Following this argument through to its logical conclusion, Fanon stated that, if the native held fast to his traditions, it was only because he rejected European standards as objects emanating from an occupying power, “rooted in the colonial situation,” and thus inassimilable to his way of life. By the same token, if Europeans insisted upon understanding certain practices and social relationships as evidence of Arab backwardness, the poverty of their assessments had no bearing on the historical dynamics operative within those areas of life that they characterized, so dismissively, as traditional. In Fanon’s estimation, areas of life commonly dismissed as traditional had a life of their own, one that was being channeled, and reconfigured, through the dialectic of the revolution. Thus, the haik, long overburdened as a site of cultural struggle over and within the native family, was made over as an accessory of the revolution, “a technique of camouflage,” both adopted and abandoned as a matter of tactical expediency. So too with the radio. Once little more than a mechanical contrivance so thoroughly coextensive with empire that it appeared in dreams and hallucinations endowed with a hostile agency all its own, in the course of the revolution, the radio was made revolutionary. “Listening in on the Revolution, the Algerian existed with it, made it exist…Incorporated…into the life of the nation, the radio will have an exceptional importance in the country’s building phase…The fruitful use that can be made of the radio can well be imagined.” (93, 97)

I have to confess that, on the night in question, I was not interested in listening to the revolution, or in on the revolution, nor was I considering the fruitful uses to which radio might be put. I was, however, enjoying the story of the revolution, even if I couldn’t understand the words, and almost as much as I enjoyed the obscenely French digestif I found squirreled away under the sink in my new apartment. In some very real sense, the language in which it was told didn’t matter all that much, since I come to this story well versed in its broad outlines, if not its particulars. That is to say, I know my Pontecorvo, and I know my Fanon; I have more than a passing acquaintance with Alistair Horne. If anything, the Morricone themes that opened and closed the program signaled that I was hearing a pro forma, if not totemic, mediation of the Algerian revolution, one that was no less comforting, in its way, than the soft, analog hiss that eventually carried me off to sleep. In this sense, it was entirely apposite that the following program was devoted entirely to disco classics, opening with “In the Navy” by the Village People, “Hot Stuff” by Donna Summer, and “Good Times” by Chic. Once the illicit sound of a liminal culture, a non-normative space of sociality and sexuality, here were the remnants of disco as a commercial phenomenon; less the sexualized thrum of the early New York club scene than the groovy soundtrack of someone’s misspent youth. Like the story of the Algerian revolution, here was evidence of all the hallucinatory potentialities that emerge from, nurture, and sustain social and cultural movements, but presented as an opportunity for nostalgic reverie, evidence of someone’s misspent youth. Disco, like revolution, as little more than a security blanket, one that was somewhat frayed, but all the more effective for it.

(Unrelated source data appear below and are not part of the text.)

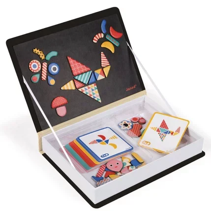 Jeu éducatif magnétique en carton sur le thème du tangram. Composé de 43 magnets et de 30 cartes. Une fois le livre ouvert, le but du jeu est de recomposer sur la scène le tangram indiqué sur la carte à l’aide des magnets.
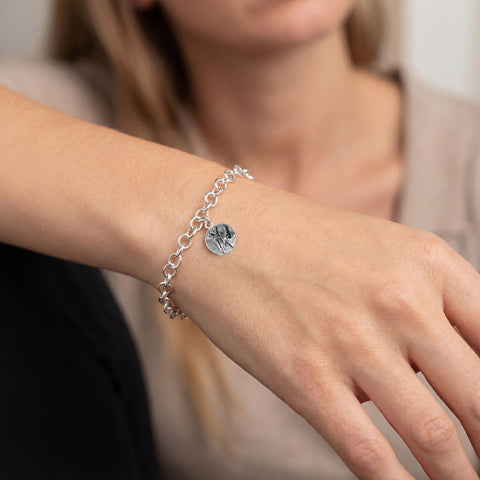 * Select the charm on its own, or enjoy it perfectly placed on a delicate 19-gauge link chain bracelet.
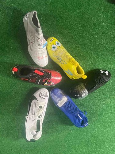 A varied collection of six athletic cleats, primarily American football style, displayed on a green synthetic turf background. The collection features several high-profile brands and unique customizations. Notable items include a bright yellow cleat featuring the likeness of SpongeBob SquarePants with a prominent blue ink signature, and a white Nike Alpha Huarache cleat with multiple black ink signatures. Other brands visible include Under Armour (black cleat with white logo) and Adidas (deep blue cleat wrapped in protective plastic). The white cleat at the top left features 'Looney Tunes' branding on the heel and a red ink signature on the toe box. A red and black 'Under Armour' cleat also features custom graphics. The cleats appear to be in excellent, often new-with-tags or wrapped condition, suggesting they are collector's items or memorabilia rather than game-worn equipment. Materials include high-performance synthetic meshes, knitted collars, and glossy TPU plates. Craftsmanship varies by manufacturer, but these represent contemporary professional-grade athletic footwear. There are no significant signs of wear, such as grass stains or scuffing on the plates, which enhances their value as display pieces.
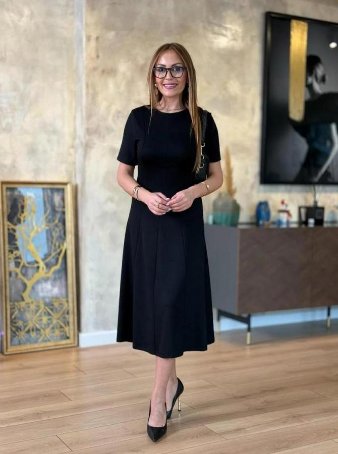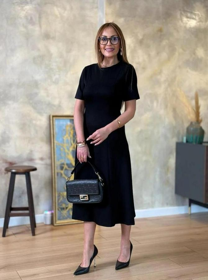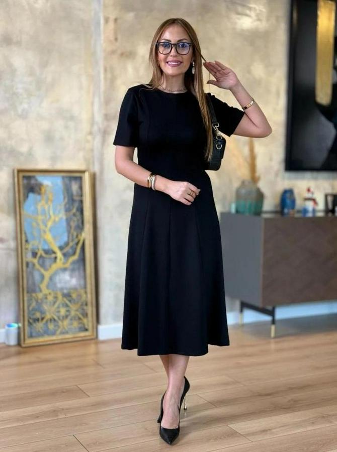 Kadın Kısa Kollu Bisiklet Yaka Midi Viskon Iki Iplik Elbise
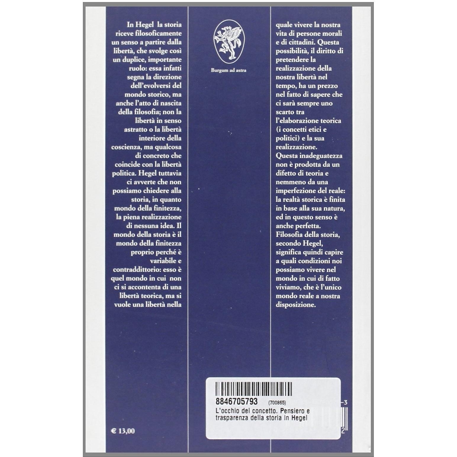 L' occhio del concetto. Pensiero e trasparenza della storia in Hegel Franco Biasutti
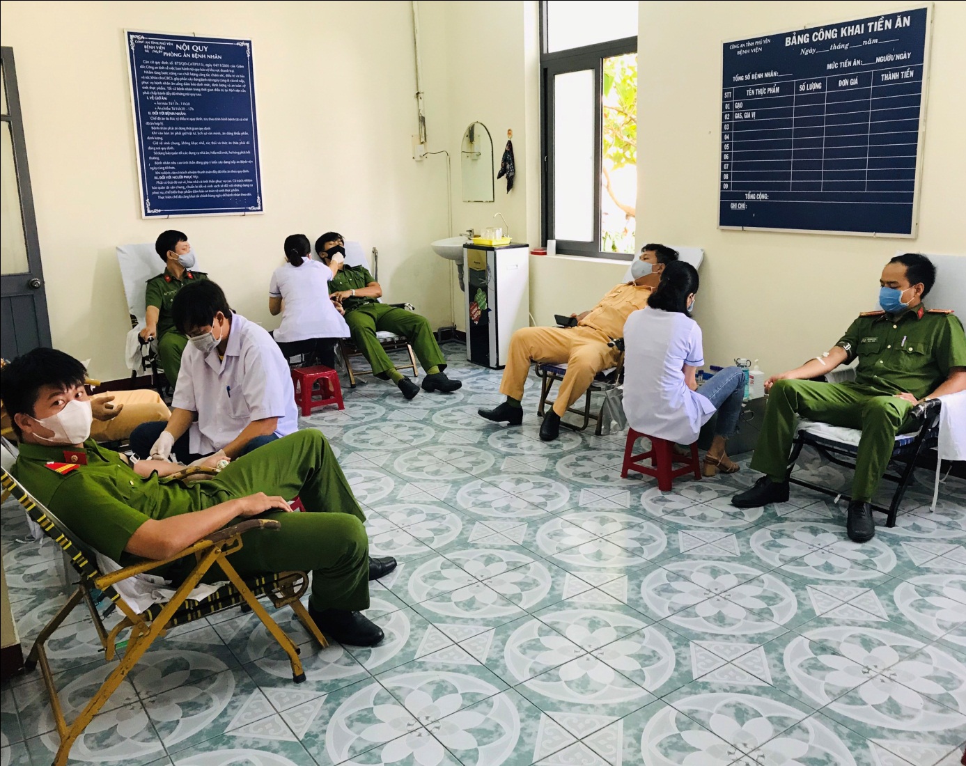 Đảng ủy, lãnh đạo Công an tỉnh và cấp ủy, lãnh đạo Công an các đơn vị, địa phương xác định việc kêu gọi, tuyên truyền, vận động cán bộ, chiến sĩ tham gia hiến máu tình nguyện là nhiệm vụ trọng tâm và hết sức cấp bách. Hưởng ứng lời kêu gọi, toàn thể cán bộ, chiến sĩ Công an Phú Yên vừa triển khai thực hiện nghiêm túc các mệnh lệnh, kế hoạch công tác bảo đảm an ninh, trật tự, đấu tranh trấn áp tội phạm và phòng, chống dịch bệnh COVID-19 trên địa bàn; đồng thời hăng hái tình nguyện tham gia hiến máu. Ảnh: Cán bộ, chiến sĩ CAPY tham gia hiến máu tình nguyện (nguồn: BVCAT)
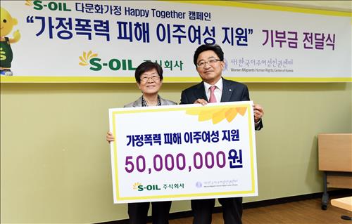 (서울=연합뉴스) 박대한 기자 = 에쓰오일(S-OIL)은 '에쓰오일 다문화가정 해피투게더 캠페인'의 일환으로 가정폭력 피해 이주여성들을 돕기 위한 후원금 5천만원을 한국이주여성인권센터에 전달했다고 13일 밝혔다.
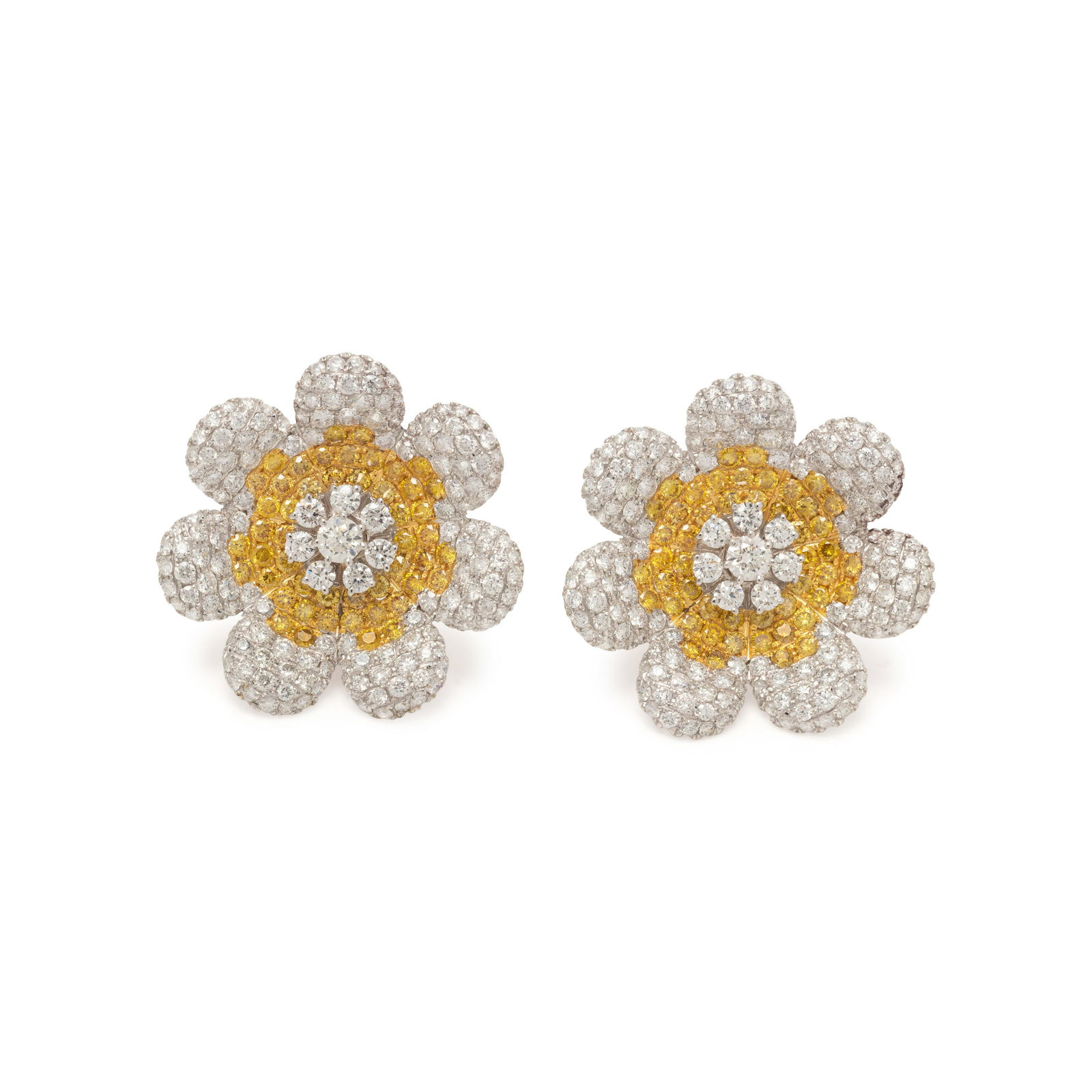 DIAMOND AND COLORED DIAMOND FLOWER EARCLIPS
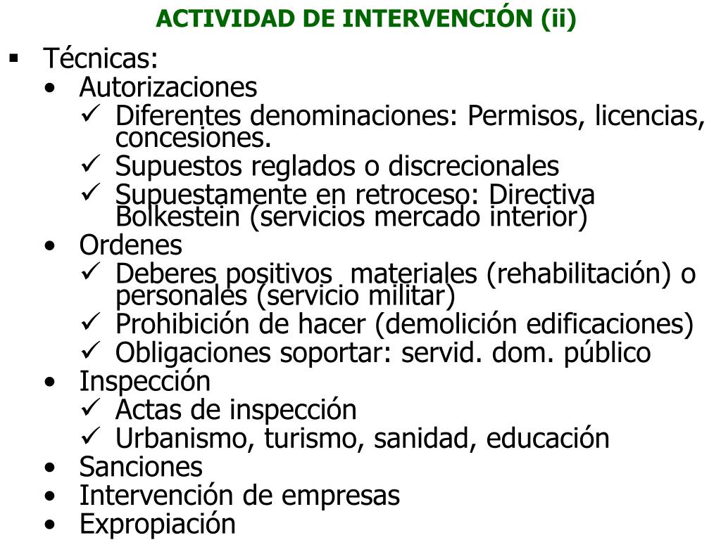 ACTIVIDAD DE INTERVENCIÓN (ii) • Técnicas: • Autorizaciones • Diferentes denominaciones: Permisos, licencias, concesiones. • Supuestos reglados o discrecionales • Supuestamente en retroceso: Directiva Bolkestein (servicios mercado interior) • Ordenes • Deberes positivos materiales (rehabilitación) o personales (servicio militar) • Prohibición de hacer (demolición edificaciones) • Obligaciones soportar: servid. dom. público • Inspección • Actas de inspección • Urbanismo, turismo, sanidad, educación • Sanciones • Intervención de empresas • Expropiación
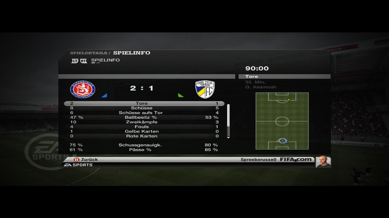 | Spielbericht: Die Wuppertaler Fans sind voller Erwartung ins Stadion gekommen.Sie wollten nach dem miserablen Hinrundenende endlich mal wieder einen Sieg sehen, und sie wurden nicht enttäuscht. Die erste Chance im Spiel hatte allerdings der Gast aus Jena.Doch die wurde kläglich vergeben.Dann konnten die Fans im weiten Rund endlich jubeln.Müller macht in der 9. Minute das 1:0 für Wuppertal, nach schöner Vorarbeit von Asamoah.Jetzt brechen hier alle Dämme. Doch die Freude wärte nur bis zur 19. Minute.Da kam Jena das zweite mal gefährlich auf das Tor zu.Und........................1:1 durch Fort. Die Fans peitschten die Mannschaft nach vorne. Wuppertal heute mit gutem Passspiel, das auch belohnt wurde.In der 35. Minute wird Asa mustergültig angespielt und vollendet zum bis dahin verdienten 2:1. HZ 2: Beide Mannschaften kommen unverändert auf den Platz zurück. In den 45 Minuten erspielen sich beide Mannschaften kaum Chancen, aber die größte hat Jena als Plötzlich Fort den Ball in die Füße gespielt bekommt und den Ausgleich machen kann.Aber Wessels schmeist im sich entgegen.Die letzte Aktion hatte Valdez.Alleine läuft er auf das Tor von Jena zu, als er meint Jensen rauskommen zu sehen verucht er den Ball ins Tor zu schiessen aus gut 25 Meter.Aber der Schuss ging daneben.Endstand 2:1 für Wuppertal. Trainerstimme Wuppertal: Nach den letzten Niederlagen in der Hinrunde, war es extrem wichtig hier zu Hause zum Auftakt 3 Pkt zu holen.Das ist uns gelungen, die Fans können zufrieden nach Hause gehen.Unser neuer Abwehrspieler Barletta hat sich super eingefügt und man sah er gibt der Abwehr halt.Ich hoffe das geht weiter so, damit wir schnell unsere 40 Pkt holen die wir brauchen um in der Liga zu bleiben. Trainerstimme Jena: Tja was soll man sagen? Das wäre heute ein wichtiger Punkt gewesen und Wuppertal hat scheinbar in so einer situation die besseren Nerven. Ich denke die heutige Partie hatte kein Sieger verdient, aber Wuppertal hat wohl wie schon erwänt die besseren Nerven. Wenn Fort in der 88 Minute den Ausgleich macht wäre er der Held. Im großen und ganzen waren wir gegensatz zum vorrigen spiel zu ängstlich. Screens folgen in Kürze.............. | ||||
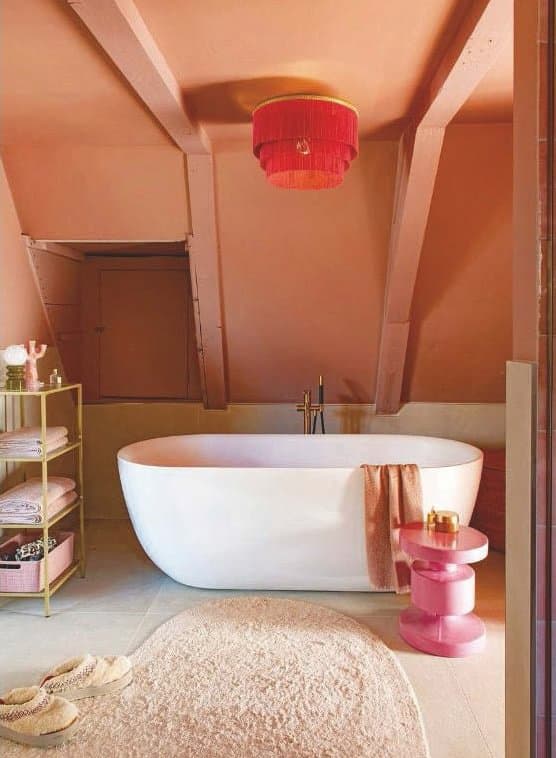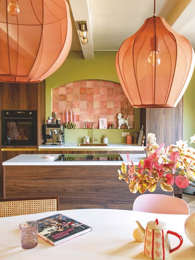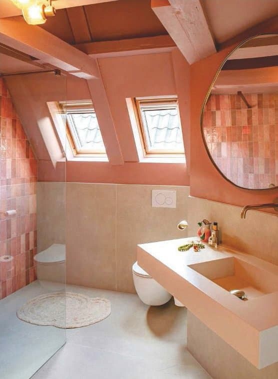 Over het kleurpalet hoefde Quinty, die als freelance content creator verantwoordelijk is voor de socials van onder andere stylist Roos Reedijk, niet lang na te denken: dat werd roze, roze en roze. ‘Overal dezelfde tint. En olijfgroen in de keuken om het palet een beetje aan te vullen. Ik vind roze een fijne kleur om mee te werken. Het omhelst je als een deken. En je zou het misschien niet denken, maar het combineert met bijna iedere andere kleur.’ Het lage slaapkamerplafond verfde ze mee. ‘Als een soort warm omhulsel, en omdat het logisch voelt om vanuit de schuine wanden dóór te verven.’ Beneden kleuren de eeuwenoude balkenplafonds en het meeste houtwerk warm beige. ‘Knal op de muren, rust erboven.’ Op de vloer ligt een klassieke Hongaarse punt in eiken, die mooi contrasteert met de keuken, uitgevoerd in donker walnoot: ‘Dat past altijd, bij alle kleuren.’
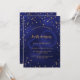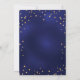 Une invitation glamour à la fête d'anniversaire pour lui et elle. Un arrière - plan bleu marine décoré d'étoiles faux or. La couleur bleue est inégale. Personnalisez et ajoutez un nom et des détails du parti. Texte de couleur dorée. Un grand numéro d'âge comme filigrane. Retour : bleu marine arrière - plan et étoiles d'or.

This, of course, is the sort of thing Fanon was getting at, in Les damnés de la terre, when he warned about custom as the worn out husk of culture, the sort of artifactual, anthropological remnant that occupies the European expert on native cultures. Falling asleep with my glass of Pastis—listening not to the revolution but somebody’s secondhand version of the revolution, read through my distinctively first world fantasy of revolution—I found myself in the position of both the colonist who heard in the radio confirmation of the world as he knew it, and the arch-Modernist, here representative of the “Enlightened circles” that go into “ecstasies when confronted with [the] ‘inner truth’” of native tradition. Against much of what has come to be thought of as conventional wisdom, here Fanon’s hypothetical European primitivist is not the romantic who seeks to harness the animus of the other for his own spiritual regeneration, but the expert who finds, in thrall to these ossified traditions, some respite from the onslaught of history.

“The colonialist specialists do not recognize these new forms and rush to the help of the traditions of the indigenous society. It is the colonialists who become the defenders of the native style. We remember perfectly, and the example took on a certain measure of importance since the real nature of colonialism was not involved, the reactions of the white jazz specialists when after the Second World War new styles such as the be-bop took definite shape. The fact is that in their eyes jazz should only be the despairing, broken-down nostalgia of an old Negro who is trapped between give glasses of whiskey, the curse of his race, and the racial hatred of the white men. As soon as the Negro comes to an understanding of himself, and understands the rest of the world differently, when he gives birth to hope and forces back the racist universe, it is clear that his trumpet sounds more clearly and his voice less hoarsely.” (242-3)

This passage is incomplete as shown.